(What the task asks)
The full set of lines below has to be duplicated exactly, with no picture kept.
Start of Data provided
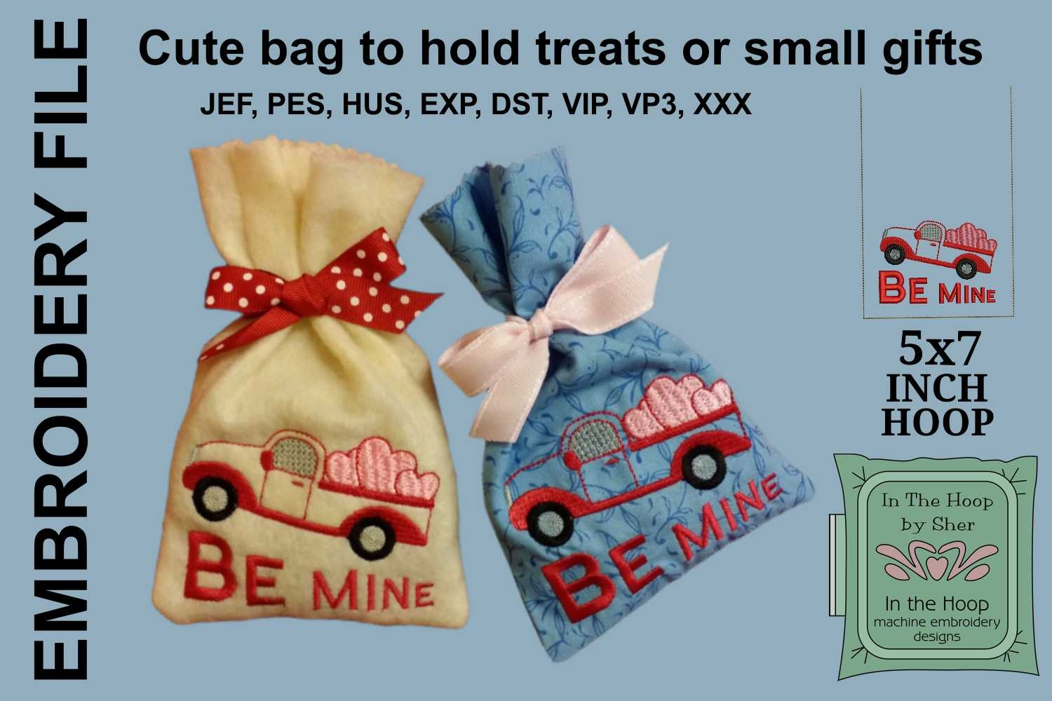 Embroidery Design Gift Bag Treat Bag Small Gift Bag Truck Embroidery Valentine Embroidery Hearts Embroidery Valentine Gift Bag Valentine Treat Bag Truck Gift Bag
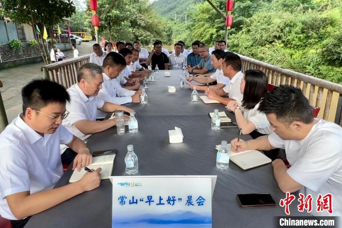 中新網(wǎng)衢州7月23日電(董易鑫)“早上好!”7月23日,清晨的陽光灑在浙江省衢州市常山縣田蓬村溪邊一方由竹子搭建的平臺——該縣幾位村書記站在這里,向從不遠(yuǎn)處走來的客人們道一聲中氣十足的問候。
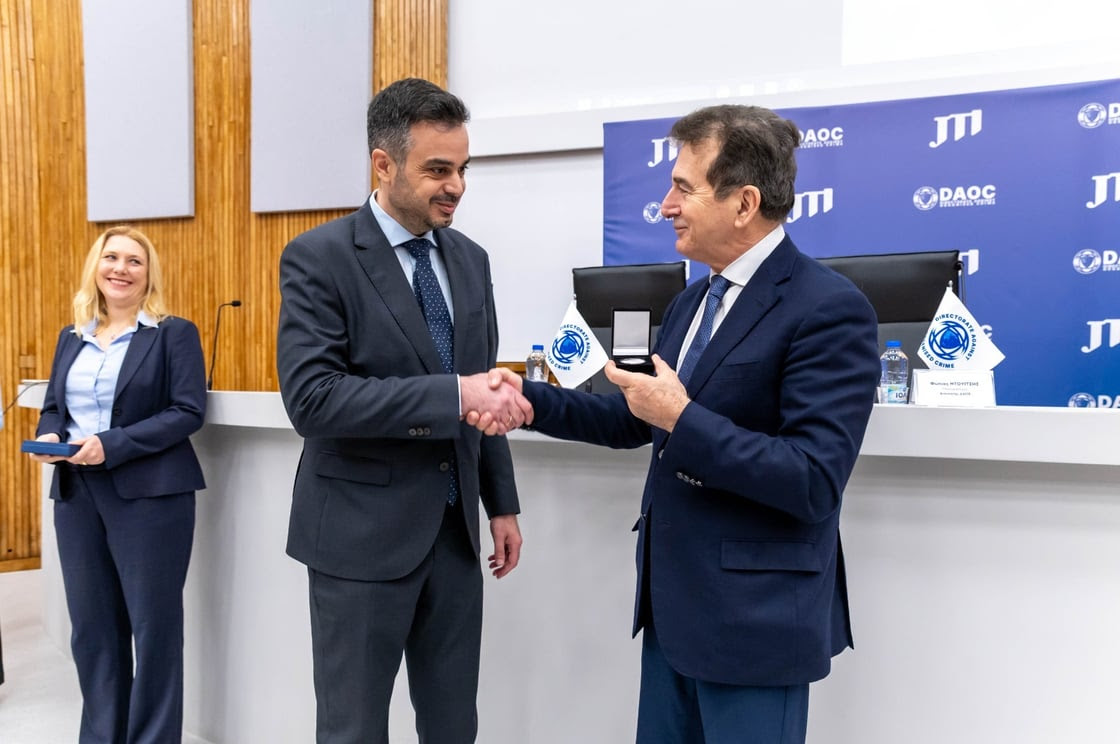 Ο κ. Byrne, από την πλευρά του, εξήρε την επιχειρησιακή αποτελεσματικότητα της Δ.Α.Ο.Ε., τονίζοντας ότι η JTI θα συνεχίσει να είναι συστηματικός αρωγός στο απαιτητικό έργο της.
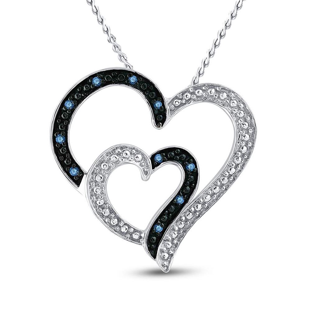 Sterling Silver Womens Round Blue Color Enhanced Diamond Heart Pendant 1/20 Cttw
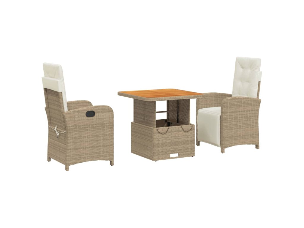 vidaXL 3-dielna záhradná jedálenská súprava a vankúše béžová polyratan
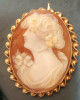 Gold cameo brooch surrounded by 28 black diamonds. Unsure of mark in pic.
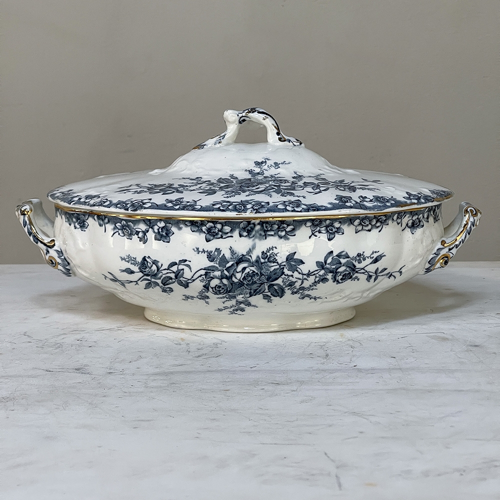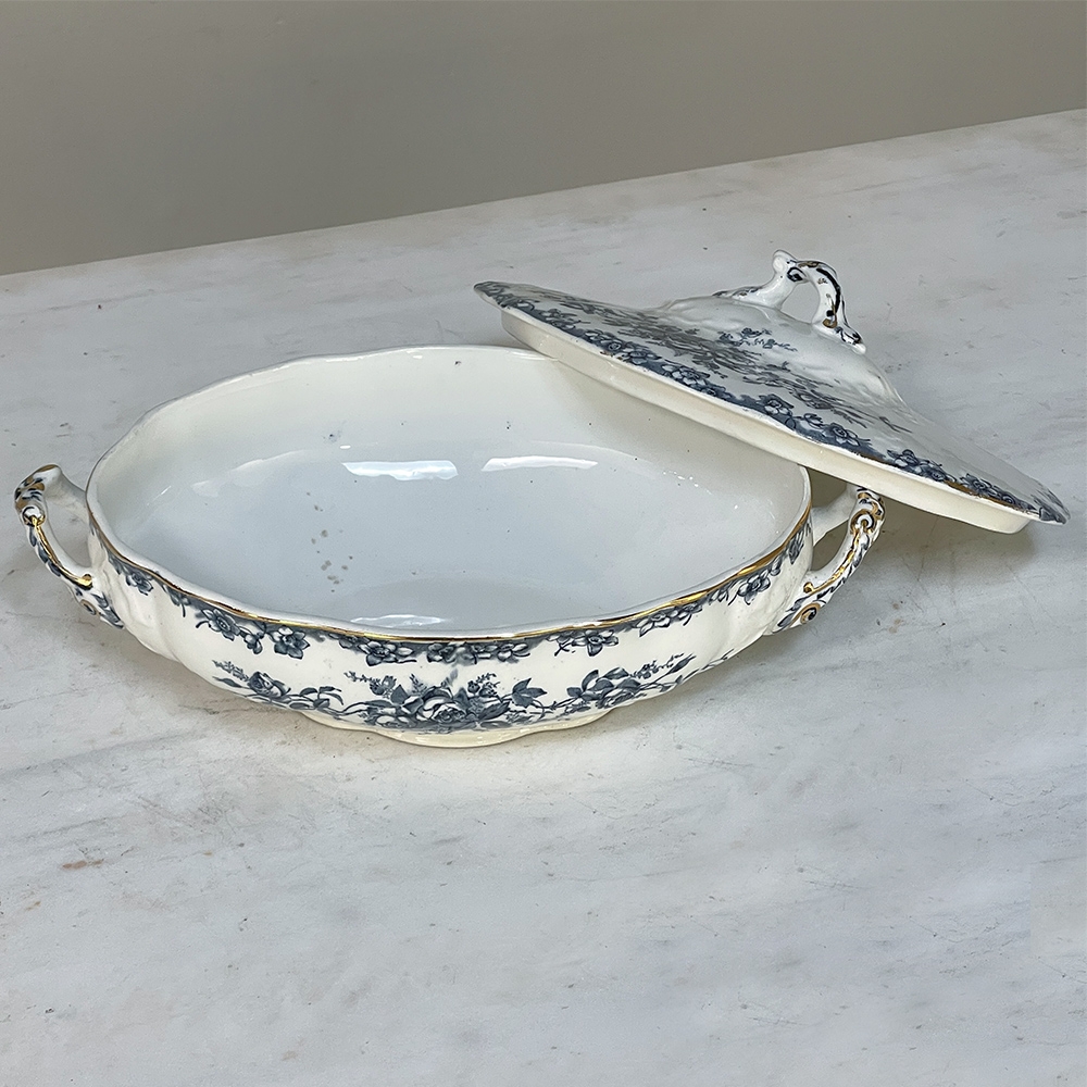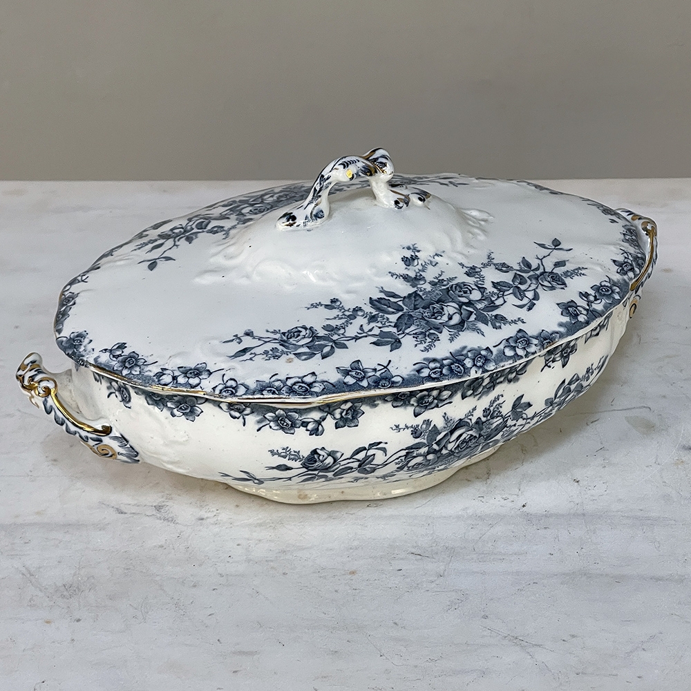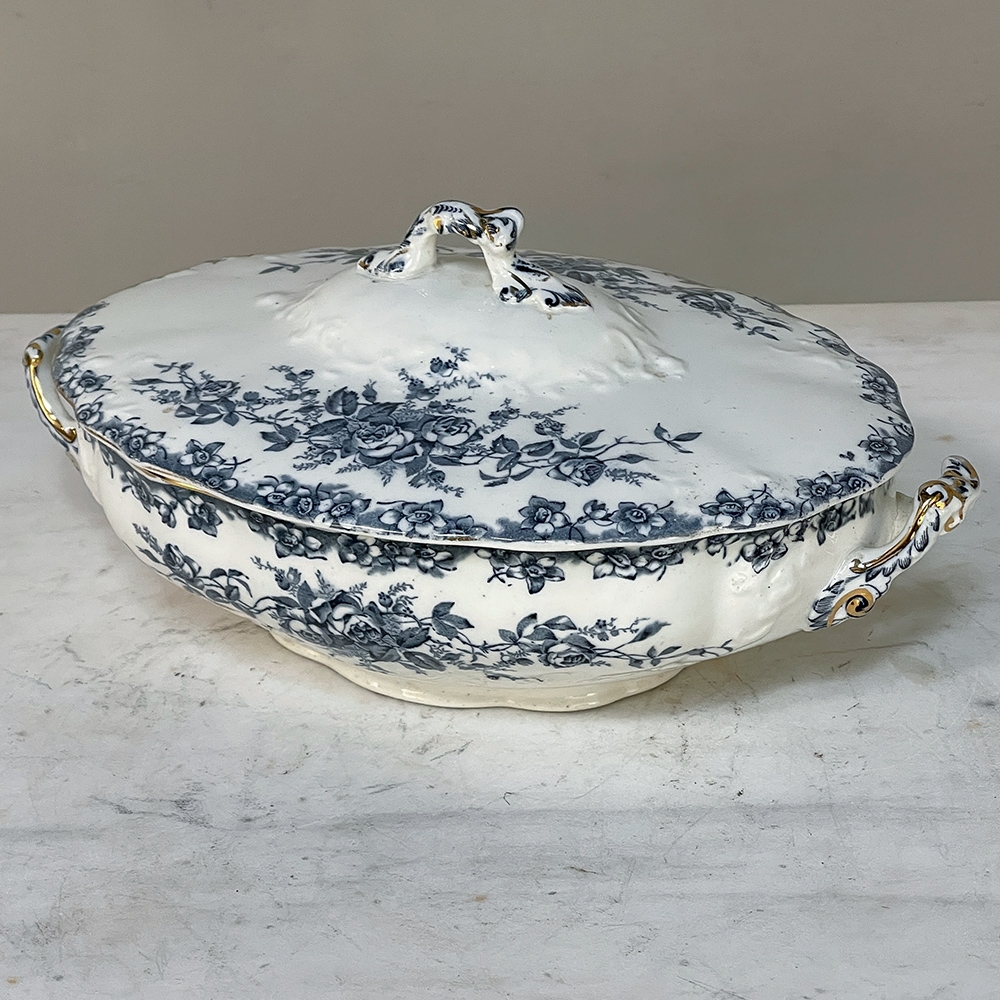 Antique English Blue & White Transferware Lidded Tureen by S. Hancock & Sons
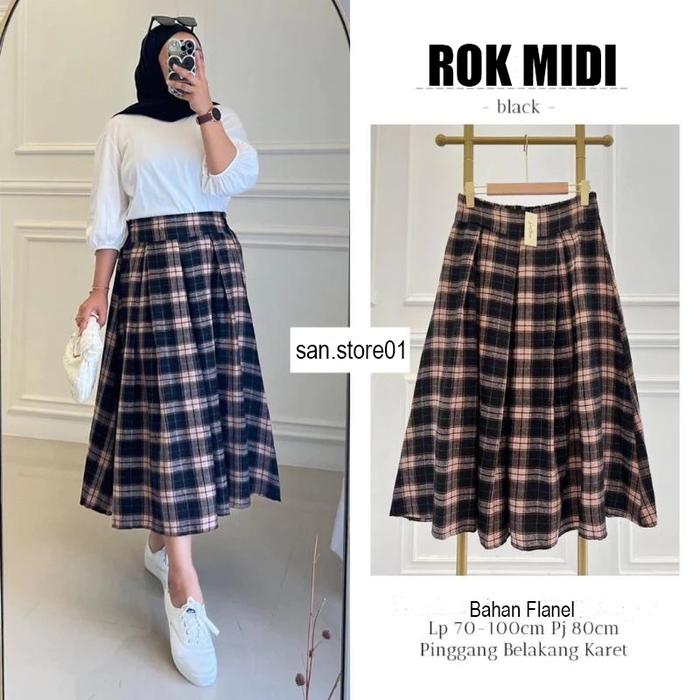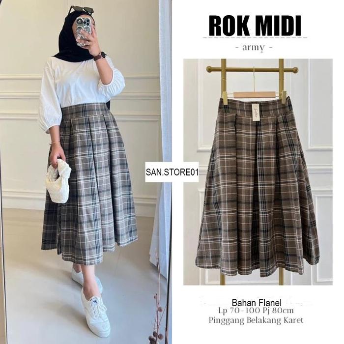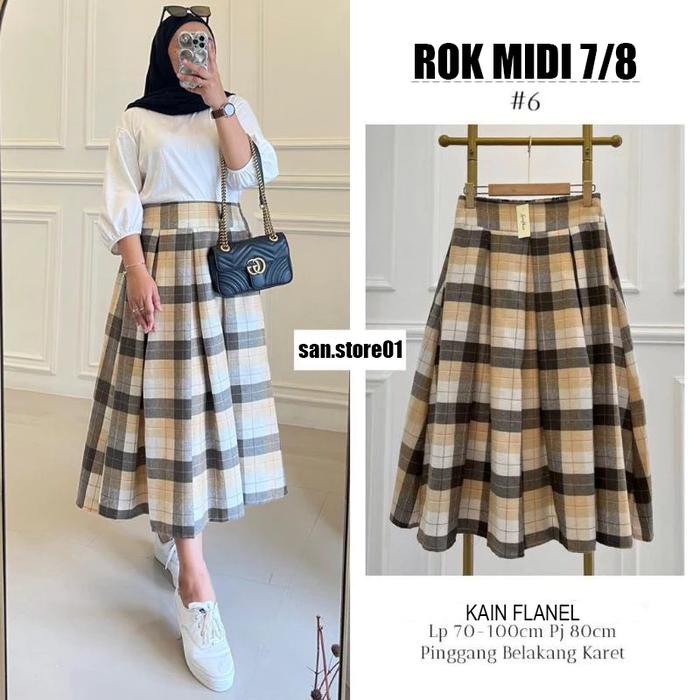 Rok Flanel Impor Midi 7/8 Untuk Wanita Dewasa Cargo - Motif 1
End of Data provided
(The completed task)
 Embroidery Design Gift Bag Treat Bag Small Gift Bag Truck Embroidery Valentine Embroidery Hearts Embroidery Valentine Gift Bag Valentine Treat Bag Truck Gift Bag
 中新網(wǎng)衢州7月23日電(董易鑫)“早上好!”7月23日,清晨的陽光灑在浙江省衢州市常山縣田蓬村溪邊一方由竹子搭建的平臺——該縣幾位村書記站在這里,向從不遠(yuǎn)處走來的客人們道一聲中氣十足的問候。
 Ο κ. Byrne, από την πλευρά του, εξήρε την επιχειρησιακή αποτελεσματικότητα της Δ.Α.Ο.Ε., τονίζοντας ότι η JTI θα συνεχίσει να είναι συστηματικός αρωγός στο απαιτητικό έργο της.
 Sterling Silver Womens Round Blue Color Enhanced Diamond Heart Pendant 1/20 Cttw
 vidaXL 3-dielna záhradná jedálenská súprava a vankúše béžová polyratan
 Gold cameo brooch surrounded by 28 black diamonds. Unsure of mark in pic.
 Antique English Blue & White Transferware Lidded Tureen by S. Hancock & Sons
 Rok Flanel Impor Midi 7/8 Untuk Wanita Dewasa Cargo - Motif 1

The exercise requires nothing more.